Given a singly linked list, check whether there is a loop in it. If yes, find the entrance to the loop.
Thinking:
Use 2 pointers, one fast and one slow. If at some time, these 2 pointers meet, then there is a loop; if fast pointer arrives at the end of the list, there is no loop.
Suppose we have above list structure. Assume loop length is \(r(r\in N)\), and the length before the loop (from \(A\) to \(B\)) is \(l\). Always, one can represent \(l\) as \(l=k\cdot r+p\), where \(k=0,1,2,...\) and \(p=0,1,2,...,r-1\).
Then, suppose the moving speed of "fast" is \(a\) times of "slow", where \(a>1\) and \(a\in N\). If "slow" moves one step a time, "fast" will move \(a\) steps a time.
If there is a loop, where will the 2 pointers meet? Suppose they will meet after "fast" finishes \(n\) loops and "slow" finishes \(m\) loops. And suppose also, at this moment, they are at point C, which is of \(q\) steps after the loop entrance \(B\). Here, \(n\ge1, m\ge0, m,n\in N, q=0,1,...,r\). Hence, the following equation holds: \[k\cdot r+p+n\cdot r+q=a(k\cdot r+p+m\cdot r+q)\] We need find values for \(m,n\) and \(q\) so that above equation holds. The equation can be rewritten as \[n\cdot r-a\cdot m\cdot r-k(a-1)r=(a-1)(p+q)\] We can always find a \(q\) such that \(p+q=r\), then \[n-am-k(a-1)=a-1\] \[n=am+(k+1)(a-1)\] For the first time they meet, \(m=0\) and then \[n=(k+1)(a-1)\] To be most efficient, \(a=2\) and \(n=k+1\).
Conclusion:
From above statement, we know that "fast" and "slow" will definitely meet during the first loop round for "slow". Also, at the moment they meet, they are at \(q=r-p\) steps after \(B\), which is equivalent to \(p\) steps before \(B\). Note that the head length \(l=k\cdot r+p\), which means that if two pointers start at \(A\) and \(C\) at the same time and both move one step a time, they will meet at the loop entrance \(B\) for the first time.

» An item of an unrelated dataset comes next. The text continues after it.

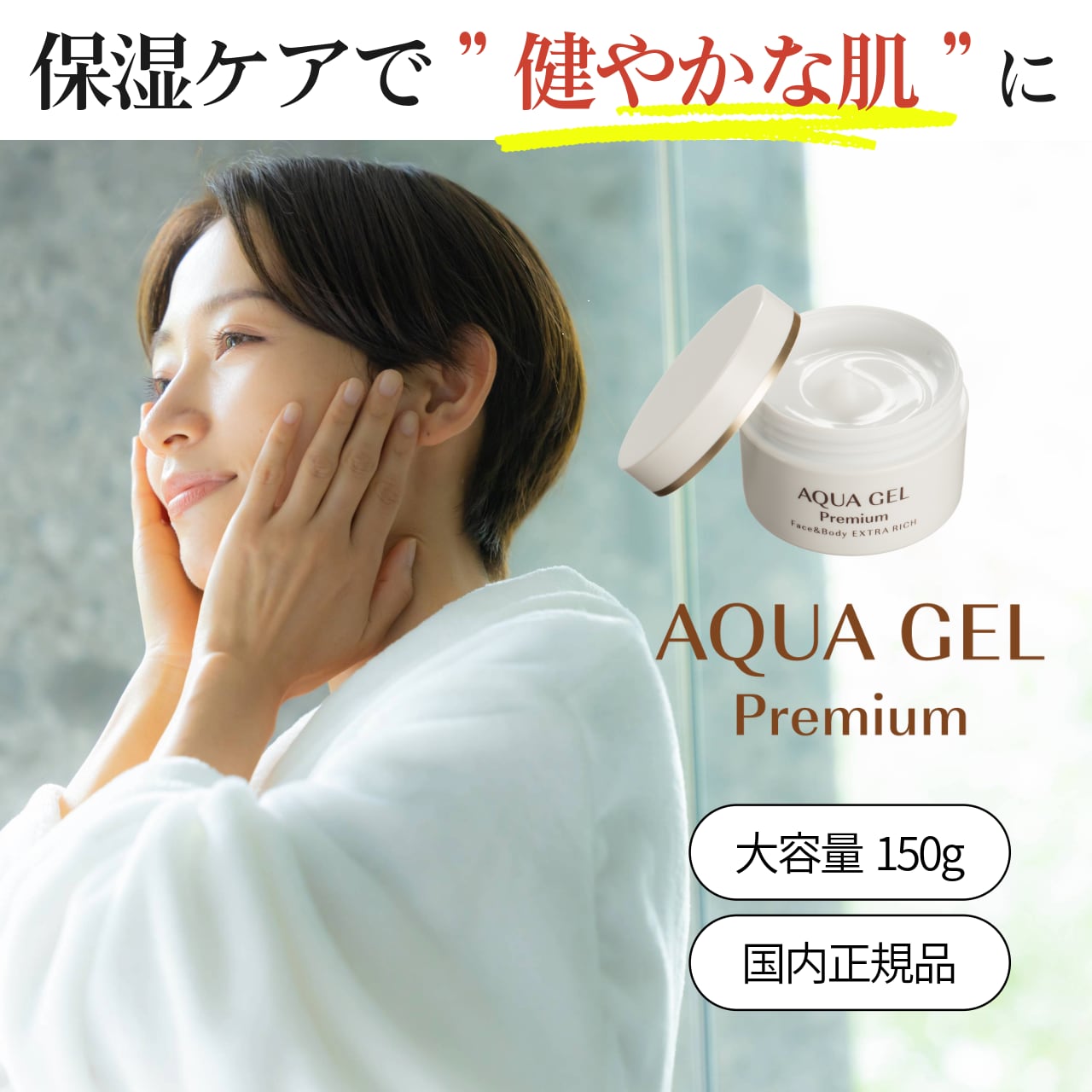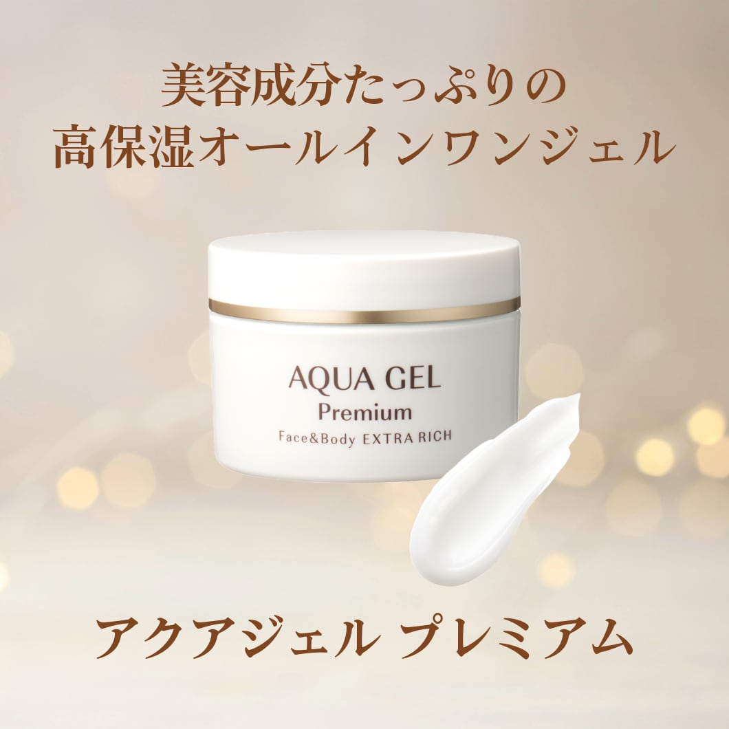アクアジェル プレミアムは、たっぷりと潤い成分を閉じ込めた保湿ジェルです。塗った瞬間に溢れ出る水分(美容成分)が角質層まで浸透し、肌表面を滑るように広がります。そして、保湿性をしっかり保ちつつ、肌はサラサラとした質感に仕上がります。肌にハリ・ツヤ・キメなどを与える成分や肌荒れ・乾燥を防ぐ成分を配合しました。アクアジェルプレミアムは肌を整える美容成分(保湿・整肌)を21種類配合しています。全身の肌を潤す高い保湿力が特徴で、毎日のスキンケアに取り入れることで、しっとりとした健康的な肌を保ちます。

From above statement, we know that "fast" and "slow" will definitely meet during the first loop round for "slow". Also, at the moment they meet, they are at \(q=r-p\) steps after \(B\), which is equivalent to \(p\) steps before \(B\). Note that the head length \(l=k\cdot r+p\), which means that if two pointers start at \(A\) and \(C\) at the same time and both move one step a time, they will meet at the loop entrance \(B\) for the first time.
Below, I just show the code to find the loop entrance. Actually, the loop check is just part of and can be told from the return value of this program.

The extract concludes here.